Krankenkassenbeiträge steigen – Was bedeutet das für Patienten?
Millionen Versicherte in Deutschland müssen sich zum neuen Jahr auf höhere Krankenkassenbeiträge einstellen. Von den 93 gesetzlichen Krankenkassen haben 42 den Zusatzbeitrag erhöht, im Schnitt um 0,23 Prozentpunkte auf 3,36 Prozent des beitragspflichtigen Einkommens. Das bedeutet weniger Netto vom Brutto für Arbeitnehmer und höhere Kosten für Arbeitgeber.
Die Kassen begründen diesen Schritt mit den stetig steigenden Ausgaben im Gesundheitswesen. Allein im Jahr 2025 werden die Gesamtausgaben auf rund 347 Milliarden Euro geschätzt, nach 312 Milliarden im Vorjahr. Gesundheitsministerin Nina Warken (CDU) kündigte an, dass eine Expertenkommission bis März Vorschläge zur langfristigen Dämpfung des Anstiegs vorlegen soll.
Kritiker bemängeln, dass ein kurz vor Weihnachten verabschiedetes Sparpaket des Bundesrats, das vor allem Kosten in Kliniken bremsen soll, nicht ausreiche. Einige Kassen fordern zudem höhere staatliche Zuschüsse für Bürgergeld-Empfänger.
Versicherte haben bei einer Beitragserhöhung ein Sonderkündigungsrecht und können zu einem günstigeren Anbieter wechseln. Es bleibt abzuwarten, ob die angekündigten Reformen die Kostenexplosion im Gesundheitswesen tatsächlich eindämmen können.
Pflegenotstand spitzt sich zu – Fachkräftemangel und hohe Belastung
Der Pflegenotstand in Deutschland bleibt ein drängendes Problem. Immer weniger Pflegekräfte müssen sich um eine wachsende Zahl pflegebedürftiger Menschen kümmern. Das führt zu Überlastung, sinkender Versorgungsqualität und Schließung von Einrichtungen. Besonders betroffen ist die Altenpflege.
Die Ursachen sind vielfältig: der demografische Wandel, Personalmangel, hohe Arbeitsbelastung und mangelnde Wertschätzung. Um dem entgegenzuwirken, fordern Experten bessere Arbeitsbedingungen, faire Löhne und mehr Personal.
Bundesgesundheitsministerin Nina Warken betonte auf einer Sitzung der Bund-Länder-Arbeitsgruppe „Zukunftspakt Pflege“ die Bedeutung von Prävention, verbesserter Versorgung und gesicherter Finanzierung.
Medikamentenmangel – Apotheken schlagen Alarm
Apotheken in Deutschland sehen sich weiterhin mit Lieferengpässen bei wichtigen Medikamenten konfrontiert. Betroffen sind unter anderem Antibiotika, Krebsmittel, Diabetes- und Asthma-Medikamente sowie fiebersenkende Säfte für Kinder.
Apotheker berichten von Schwierigkeiten, antibiotische Säfte und Fiebersäfte für Kinder auf Lager zu legen. Ein Apotheker aus Baden-Württemberg warnte, dass sich die Situation bei steigender Nachfrage im Winter verschärfen könnte.
Ein im vergangenen Jahr beschlossenes Gesetz zur Bekämpfung von Lieferengpässen zeigt aus Sicht der Betroffenen bisher wenig Wirkung. Kritisiert werden vor allem die geringen Preise, die deutsche Krankenkassen für Medikamente zahlen.

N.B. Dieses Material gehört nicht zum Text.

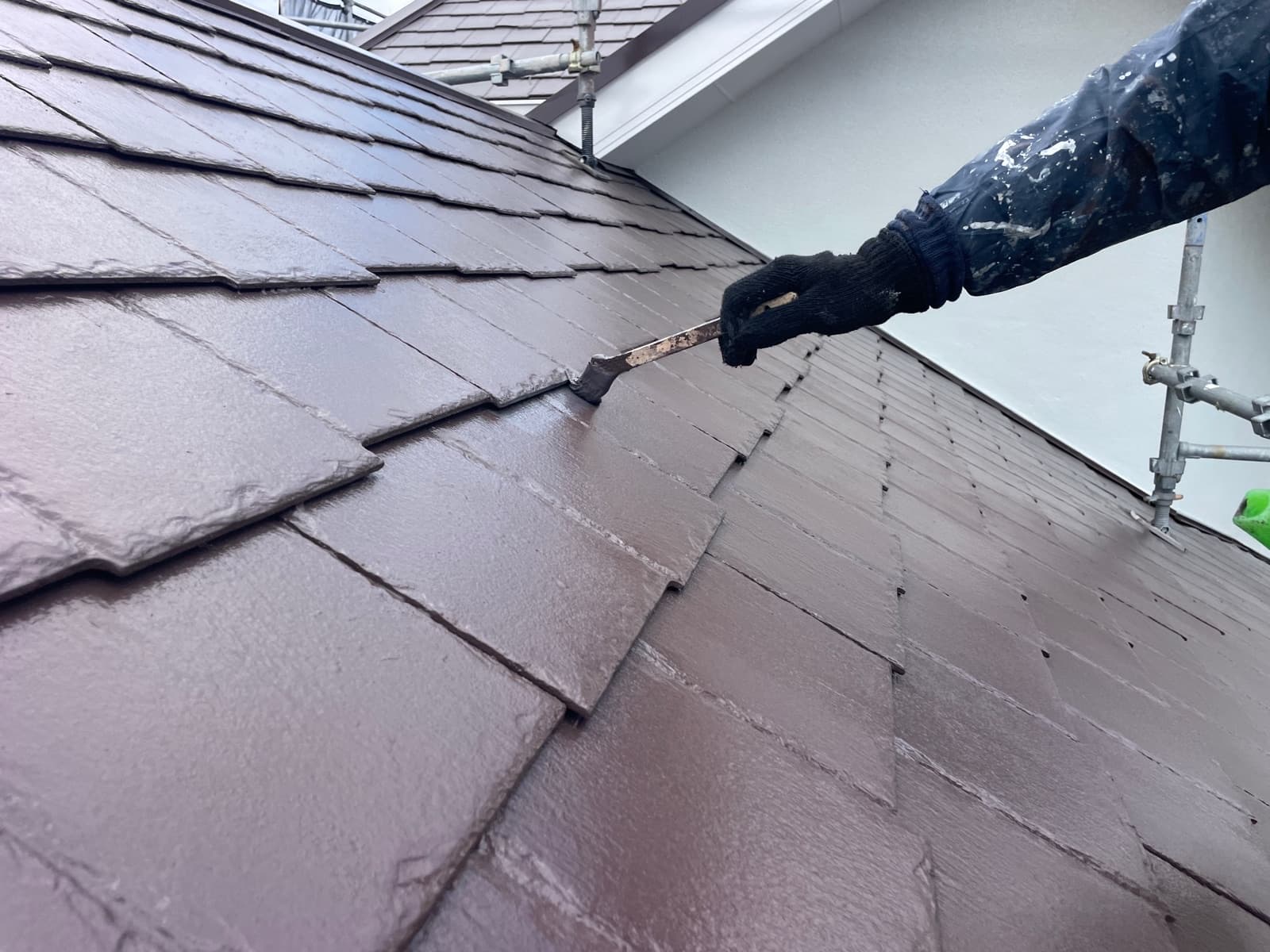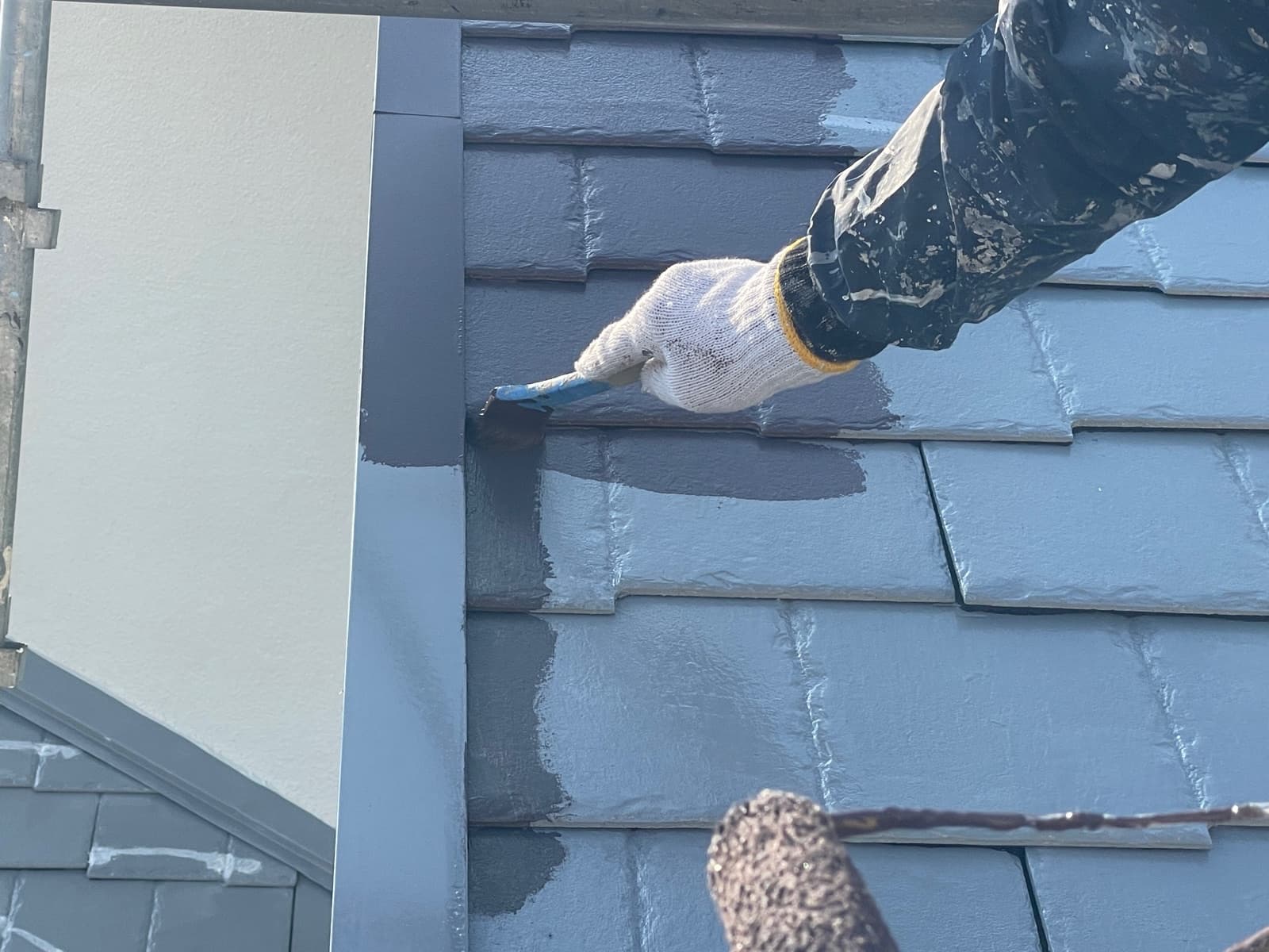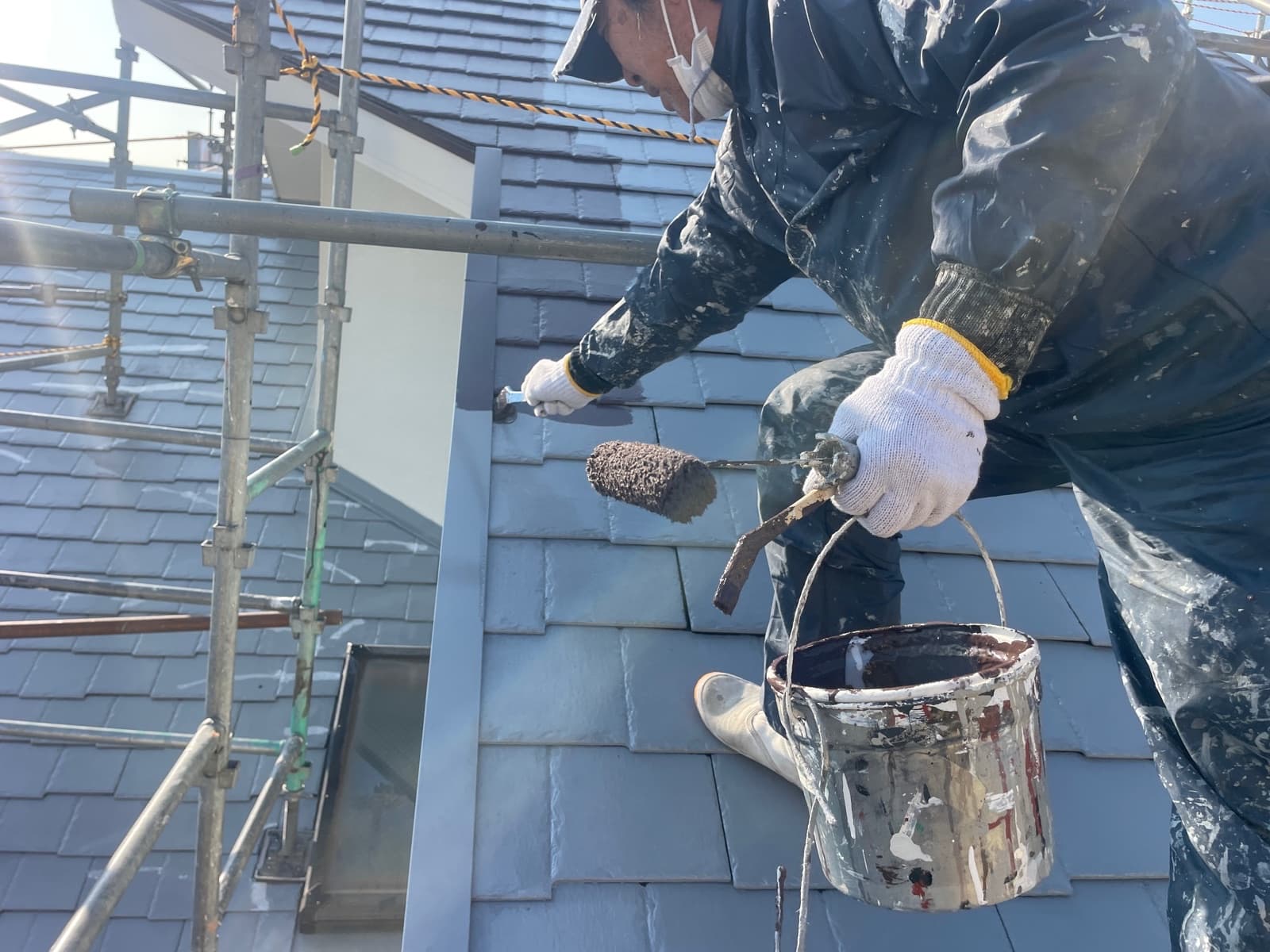 本日は、屋根下塗り2回目、中間検査、屋根上塗り1回目(途中)せて頂いております。
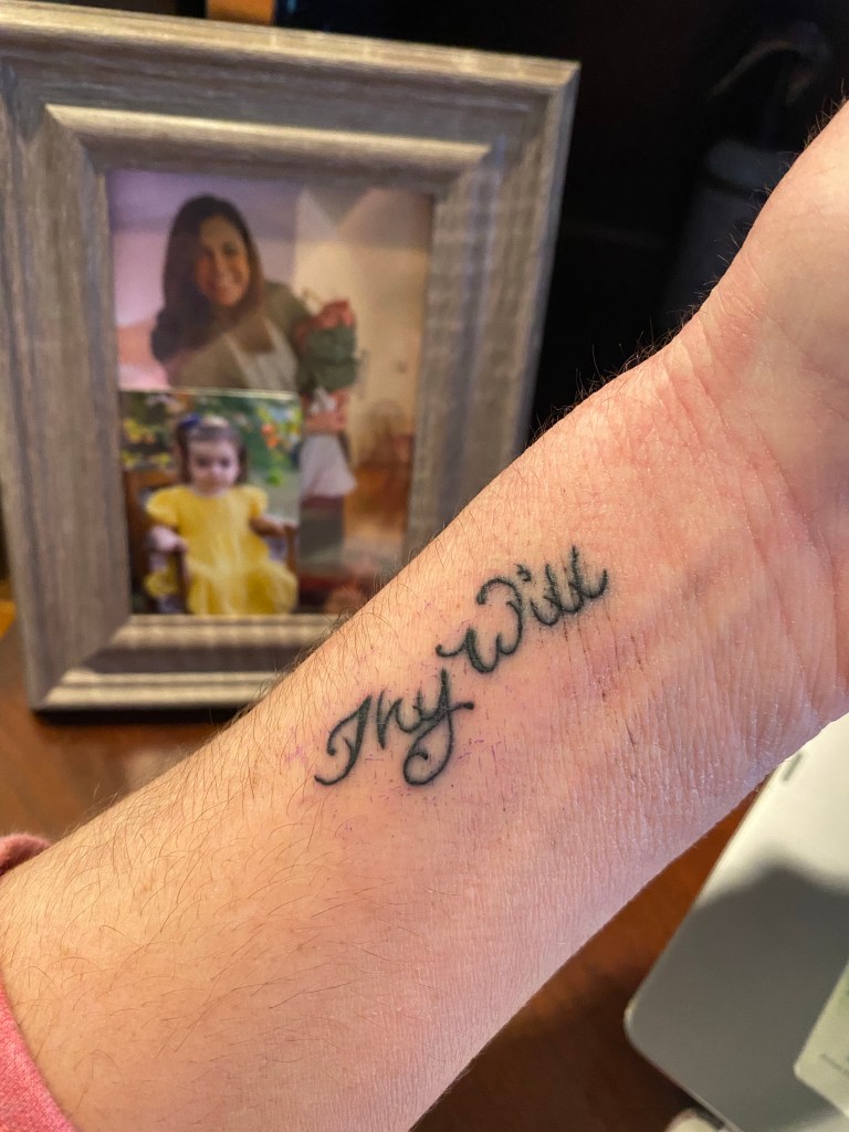 As the new year approached and my battle for the life I had wanted continued to shift, I heard the song “Thy Will” by Hillary Scott on it I found an incredible artistic display of the conversation I was having with God for months.. maybe years. I was in a place of “Thy Will” and on a journey to not just follow it… agree to it… but find comfort and peace in it. It was how I wanted to live my life – a life I no longer knew how to lead. I have given it to Him and the days I won’t hand it over I still have to say it. A message I had to learn to live with and wanted to for the rest of my life. I had my tattoo.

Krankenhausreform – Umsetzung stockt
Die geplante Krankenhausreform, mit der die Kliniklandschaft umgestaltet werden soll, verzögert sich. Kern der Reform ist ein neues Vergütungssystem, das Krankenhäuser von dem Druck befreien soll, immer mehr Patienten behandeln zu müssen, um rentabel zu sein.
Bundesgesundheitsministerin Nina Warken kündigte an, sämtliche Einnahmen und Ausgaben müssten geprüft werden. Ziel ist es, die Versorgung der Patienten durch mehr Spezialisierung in den Kliniken zu verbessern. Kritiker befürchten jedoch, dass vor allem kleinere Krankenhäuser auf dem Land schließen müssen.
Der Zeitplan für die Umsetzung der Reform ist ambitioniert. Es bleibt abzuwarten, ob die Ziele erreicht werden können und die Reform tatsächlich zu einer Verbesserung der Versorgung führt.